Cool, Unbelievable such a valuable information is for free.
21:24 now you confused me. I thought that the consumers used long polling, but you described a short polling mechanism.
Very good
Hi,
I am fresher, and new to Kafka. For storing those topics we need persistent storage and consuming a message don't delete that message. Now my question is suppose I have X ammount of persistent storage and producer produces X ammount message in Y days, what will happen to my storage after Y'th day?
Super course, very effective and well delivered. Thanks !
Awesome, Very simple to understand and managed to hold the attention
Within a consumer group, if a consumer instance gets killed then how does Kafka handle that specific partition?
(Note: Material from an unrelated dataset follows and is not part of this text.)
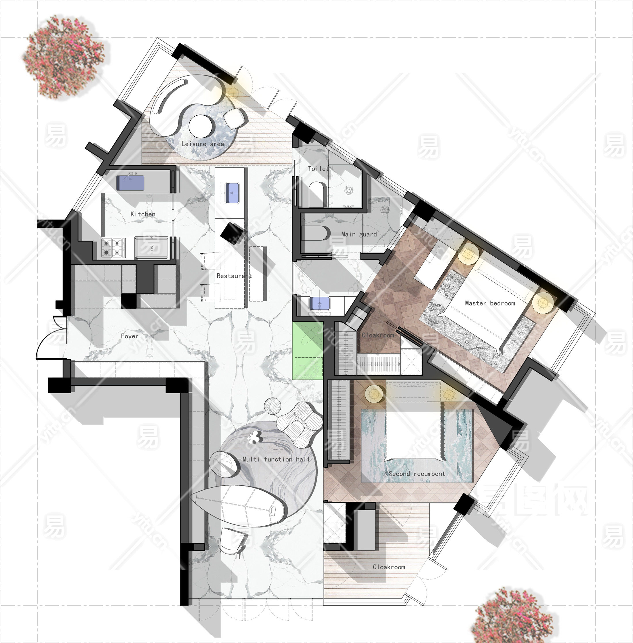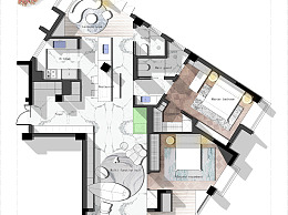 【CAD图纸】120㎡异型房平面设计方案

Does it wait for some health check and reallocate that partition to a healthy consumer?
Great talk!!
Wait, but how do the consumers of the consumer_offset topic keep track of where they are?
This was solid. Thank you!
Nobody ever taught Kafka in details like you did Tim. Much appreciated 👍🏻
Dear Confluent,
Can we have Tim do videos on Spark, Druid and Kubernetes too?
Great video! Simple to understand and managed to hold attention
Simpy kafkaesque.
hahaha cornflower blue. awesome
Entering now in Kafka and finally a perfect simple rapid nice explanation. Thank you for this video!
Halfway through the video and already loving this guy. Super presentation and delivery skills. Kudos Tim!!
Well Explained.
Question : How the Disk Space underneath the Brokers/Segments Grow? Is that something Producers or Consumers need to be worried about? That's Cloud Offering as a SaaS or IaaS?
Thanks Tim for the awesome explanation of Kafka terms and how they relate with each other. After watching this video only I could understand kafka terms in real deep and I no more have to cram these terms again amd again.🙂
Thanks great breakdown and presentation .
Thank you, Tim and the Confluent team, your tutorials are top-notch and really help people understand the subject. Wish you all the best!
21:10 – why does one need a consistent key for ensuring ordered messages if there's a timestamp associated with all produced messages? Wouldn't the timestamp be enough to know the ordering of a group of related messages?
5:00 sounded an awful lot like consensus on Ethereum. Are the two architectures related?
I’m here for the t-shirt.
these videos are so good I download them just in case
Nicely explained. Thanks
Can the offset be synced across partitions so that we can have serial processing of the data ?
Very helpful. As a bizarre side note, the speakers voice sounds a lot like Weird Al Yankovich to me. Which is obviously a very good thing.